Data for analysis
□ □ □ □ □
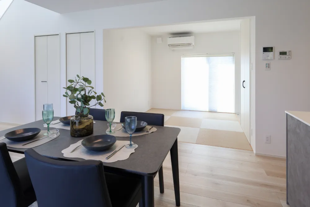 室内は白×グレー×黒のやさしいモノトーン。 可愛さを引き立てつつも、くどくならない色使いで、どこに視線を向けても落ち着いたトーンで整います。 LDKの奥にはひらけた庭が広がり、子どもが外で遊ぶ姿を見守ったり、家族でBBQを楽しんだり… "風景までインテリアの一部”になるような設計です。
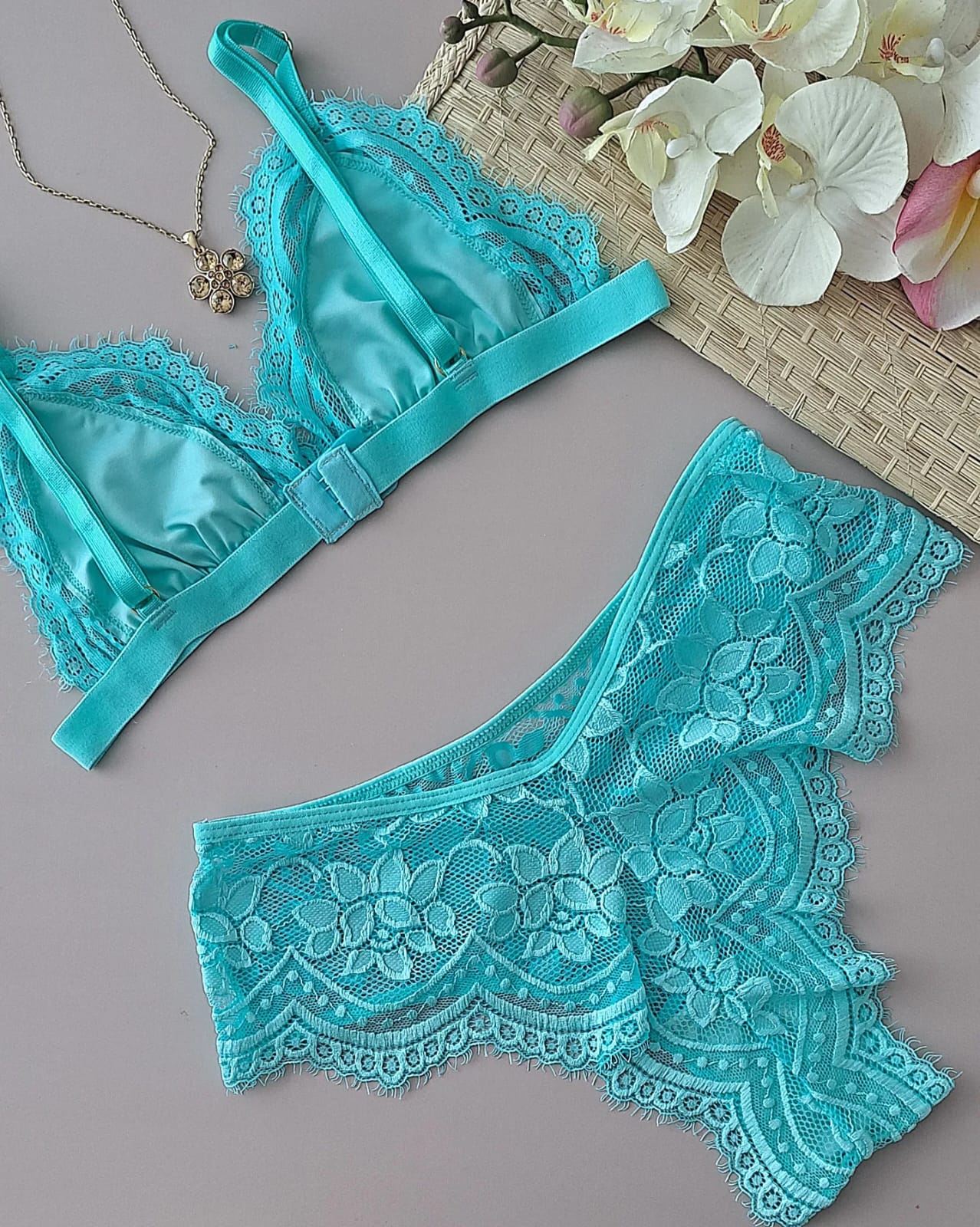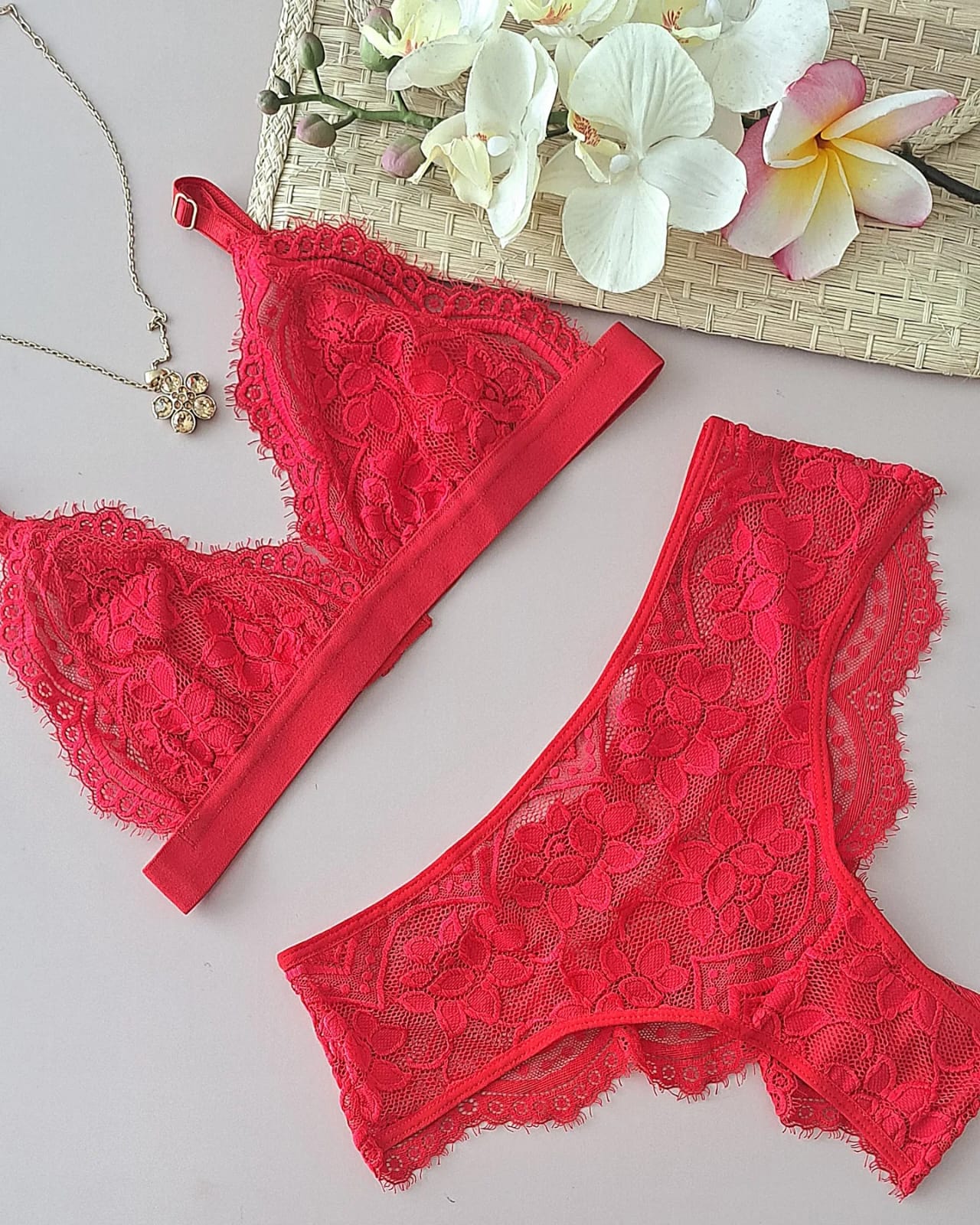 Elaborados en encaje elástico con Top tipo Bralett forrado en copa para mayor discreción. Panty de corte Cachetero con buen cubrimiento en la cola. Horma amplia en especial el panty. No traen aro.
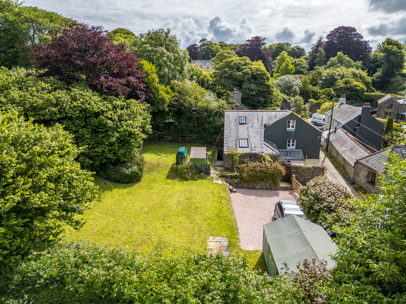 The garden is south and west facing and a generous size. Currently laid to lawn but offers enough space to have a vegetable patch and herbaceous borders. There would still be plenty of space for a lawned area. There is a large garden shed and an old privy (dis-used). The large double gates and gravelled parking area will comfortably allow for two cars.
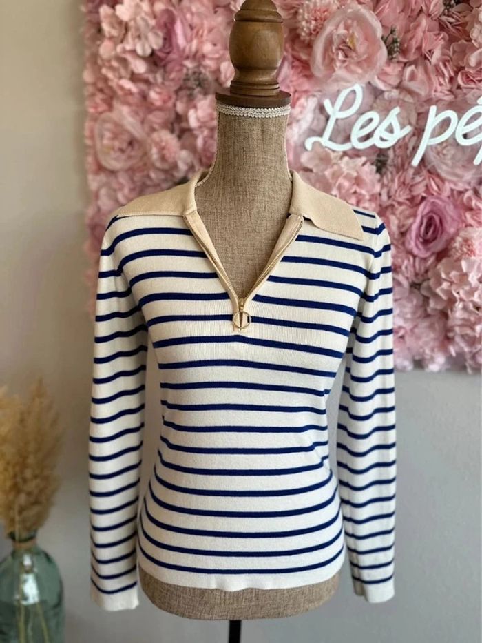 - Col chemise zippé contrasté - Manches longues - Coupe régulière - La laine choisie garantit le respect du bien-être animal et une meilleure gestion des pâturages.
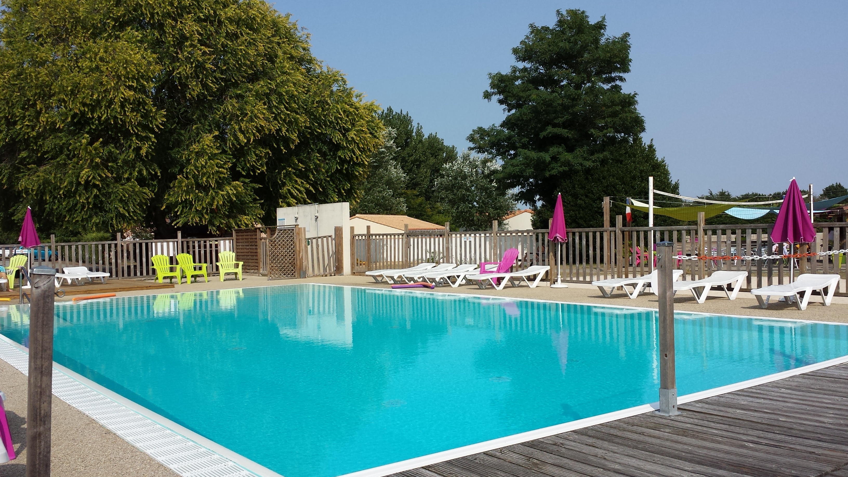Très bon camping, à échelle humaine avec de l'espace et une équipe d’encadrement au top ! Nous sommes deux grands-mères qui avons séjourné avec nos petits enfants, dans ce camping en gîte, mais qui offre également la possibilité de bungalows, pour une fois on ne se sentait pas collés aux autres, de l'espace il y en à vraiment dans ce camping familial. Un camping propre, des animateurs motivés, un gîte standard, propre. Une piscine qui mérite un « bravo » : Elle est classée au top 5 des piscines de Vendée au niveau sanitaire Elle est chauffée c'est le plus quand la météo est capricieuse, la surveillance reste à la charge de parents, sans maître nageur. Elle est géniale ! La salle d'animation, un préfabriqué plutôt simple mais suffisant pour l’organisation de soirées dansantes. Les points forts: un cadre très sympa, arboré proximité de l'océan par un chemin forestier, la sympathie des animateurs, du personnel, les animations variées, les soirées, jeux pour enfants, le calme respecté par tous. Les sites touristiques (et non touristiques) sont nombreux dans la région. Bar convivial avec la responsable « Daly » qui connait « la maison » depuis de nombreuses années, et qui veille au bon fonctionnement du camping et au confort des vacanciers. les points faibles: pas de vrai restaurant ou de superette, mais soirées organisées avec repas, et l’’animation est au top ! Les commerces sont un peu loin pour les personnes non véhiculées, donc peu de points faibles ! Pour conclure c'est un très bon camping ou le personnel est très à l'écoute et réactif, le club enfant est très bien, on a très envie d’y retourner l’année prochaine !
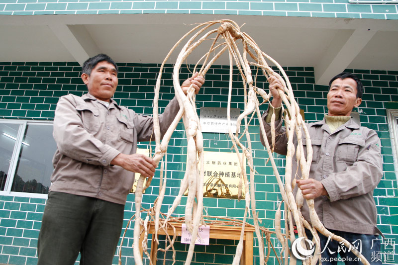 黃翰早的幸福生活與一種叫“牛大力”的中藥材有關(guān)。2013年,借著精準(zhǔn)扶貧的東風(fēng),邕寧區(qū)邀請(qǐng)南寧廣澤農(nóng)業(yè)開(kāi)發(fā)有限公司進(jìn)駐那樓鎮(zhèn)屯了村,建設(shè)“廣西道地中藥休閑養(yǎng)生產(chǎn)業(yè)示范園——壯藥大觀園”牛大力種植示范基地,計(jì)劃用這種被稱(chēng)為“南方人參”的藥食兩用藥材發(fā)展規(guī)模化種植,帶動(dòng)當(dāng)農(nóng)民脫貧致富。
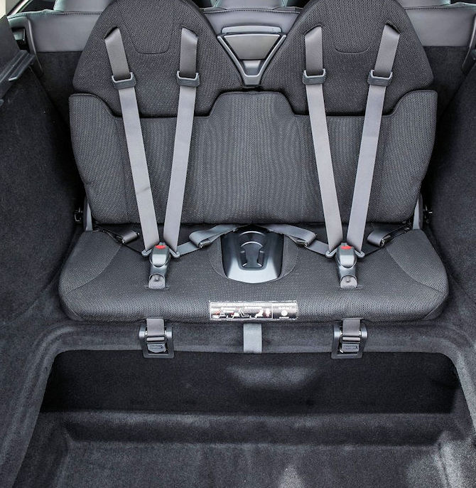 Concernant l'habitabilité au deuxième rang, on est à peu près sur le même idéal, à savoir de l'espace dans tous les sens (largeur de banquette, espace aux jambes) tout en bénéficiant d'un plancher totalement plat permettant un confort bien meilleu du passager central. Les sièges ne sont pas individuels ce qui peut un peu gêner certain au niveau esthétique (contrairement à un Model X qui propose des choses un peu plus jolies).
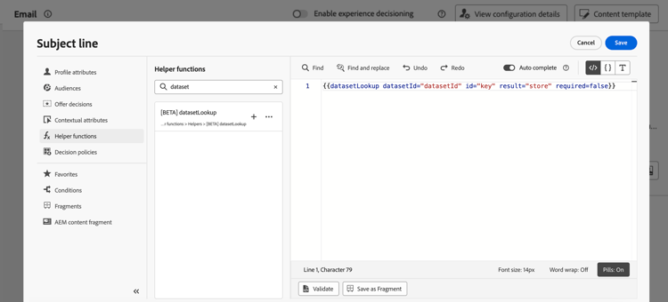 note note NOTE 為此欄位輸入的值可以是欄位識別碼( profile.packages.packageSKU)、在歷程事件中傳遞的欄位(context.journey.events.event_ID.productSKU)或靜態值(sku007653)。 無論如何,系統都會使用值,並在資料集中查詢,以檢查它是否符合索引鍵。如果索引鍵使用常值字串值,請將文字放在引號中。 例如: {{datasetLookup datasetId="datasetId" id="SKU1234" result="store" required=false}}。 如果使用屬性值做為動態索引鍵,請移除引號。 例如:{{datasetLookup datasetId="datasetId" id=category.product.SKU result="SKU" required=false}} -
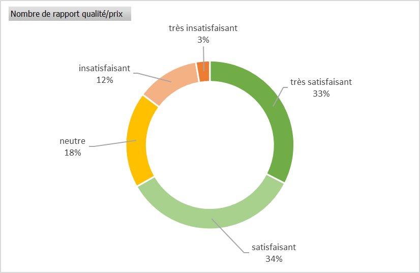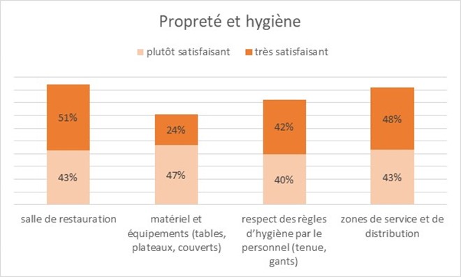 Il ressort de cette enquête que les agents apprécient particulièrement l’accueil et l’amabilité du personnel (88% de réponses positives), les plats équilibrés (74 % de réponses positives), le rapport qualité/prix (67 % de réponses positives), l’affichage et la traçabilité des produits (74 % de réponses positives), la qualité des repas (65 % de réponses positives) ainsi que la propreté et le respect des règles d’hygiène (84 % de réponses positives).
□ □ □ □ □
What to work on
Your answer must be an exact transcription of every entry, minus the pictures.

Output for this task
 室内は白×グレー×黒のやさしいモノトーン。 可愛さを引き立てつつも、くどくならない色使いで、どこに視線を向けても落ち着いたトーンで整います。 LDKの奥にはひらけた庭が広がり、子どもが外で遊ぶ姿を見守ったり、家族でBBQを楽しんだり… "風景までインテリアの一部”になるような設計です。
 Elaborados en encaje elástico con Top tipo Bralett forrado en copa para mayor discreción. Panty de corte Cachetero con buen cubrimiento en la cola. Horma amplia en especial el panty. No traen aro.
 The garden is south and west facing and a generous size. Currently laid to lawn but offers enough space to have a vegetable patch and herbaceous borders. There would still be plenty of space for a lawned area. There is a large garden shed and an old privy (dis-used). The large double gates and gravelled parking area will comfortably allow for two cars.
 - Col chemise zippé contrasté - Manches longues - Coupe régulière - La laine choisie garantit le respect du bien-être animal et une meilleure gestion des pâturages.
Très bon camping, à échelle humaine avec de l'espace et une équipe d’encadrement au top ! Nous sommes deux grands-mères qui avons séjourné avec nos petits enfants, dans ce camping en gîte, mais qui offre également la possibilité de bungalows, pour une fois on ne se sentait pas collés aux autres, de l'espace il y en à vraiment dans ce camping familial. Un camping propre, des animateurs motivés, un gîte standard, propre. Une piscine qui mérite un « bravo » : Elle est classée au top 5 des piscines de Vendée au niveau sanitaire Elle est chauffée c'est le plus quand la météo est capricieuse, la surveillance reste à la charge de parents, sans maître nageur. Elle est géniale ! La salle d'animation, un préfabriqué plutôt simple mais suffisant pour l’organisation de soirées dansantes. Les points forts: un cadre très sympa, arboré proximité de l'océan par un chemin forestier, la sympathie des animateurs, du personnel, les animations variées, les soirées, jeux pour enfants, le calme respecté par tous. Les sites touristiques (et non touristiques) sont nombreux dans la région. Bar convivial avec la responsable « Daly » qui connait « la maison » depuis de nombreuses années, et qui veille au bon fonctionnement du camping et au confort des vacanciers. les points faibles: pas de vrai restaurant ou de superette, mais soirées organisées avec repas, et l’’animation est au top ! Les commerces sont un peu loin pour les personnes non véhiculées, donc peu de points faibles ! Pour conclure c'est un très bon camping ou le personnel est très à l'écoute et réactif, le club enfant est très bien, on a très envie d’y retourner l’année prochaine !
 黃翰早的幸福生活與一種叫“牛大力”的中藥材有關(guān)。2013年,借著精準(zhǔn)扶貧的東風(fēng),邕寧區(qū)邀請(qǐng)南寧廣澤農(nóng)業(yè)開(kāi)發(fā)有限公司進(jìn)駐那樓鎮(zhèn)屯了村,建設(shè)“廣西道地中藥休閑養(yǎng)生產(chǎn)業(yè)示范園——壯藥大觀園”牛大力種植示范基地,計(jì)劃用這種被稱(chēng)為“南方人參”的藥食兩用藥材發(fā)展規(guī)模化種植,帶動(dòng)當(dāng)農(nóng)民脫貧致富。
 Concernant l'habitabilité au deuxième rang, on est à peu près sur le même idéal, à savoir de l'espace dans tous les sens (largeur de banquette, espace aux jambes) tout en bénéficiant d'un plancher totalement plat permettant un confort bien meilleu du passager central. Les sièges ne sont pas individuels ce qui peut un peu gêner certain au niveau esthétique (contrairement à un Model X qui propose des choses un peu plus jolies).
 note note NOTE 為此欄位輸入的值可以是欄位識別碼( profile.packages.packageSKU)、在歷程事件中傳遞的欄位(context.journey.events.event_ID.productSKU)或靜態值(sku007653)。 無論如何,系統都會使用值,並在資料集中查詢,以檢查它是否符合索引鍵。如果索引鍵使用常值字串值,請將文字放在引號中。 例如: {{datasetLookup datasetId="datasetId" id="SKU1234" result="store" required=false}}。 如果使用屬性值做為動態索引鍵,請移除引號。 例如:{{datasetLookup datasetId="datasetId" id=category.product.SKU result="SKU" required=false}} -
 Il ressort de cette enquête que les agents apprécient particulièrement l’accueil et l’amabilité du personnel (88% de réponses positives), les plats équilibrés (74 % de réponses positives), le rapport qualité/prix (67 % de réponses positives), l’affichage et la traçabilité des produits (74 % de réponses positives), la qualité des repas (65 % de réponses positives) ainsi que la propreté et le respect des règles d’hygiène (84 % de réponses positives).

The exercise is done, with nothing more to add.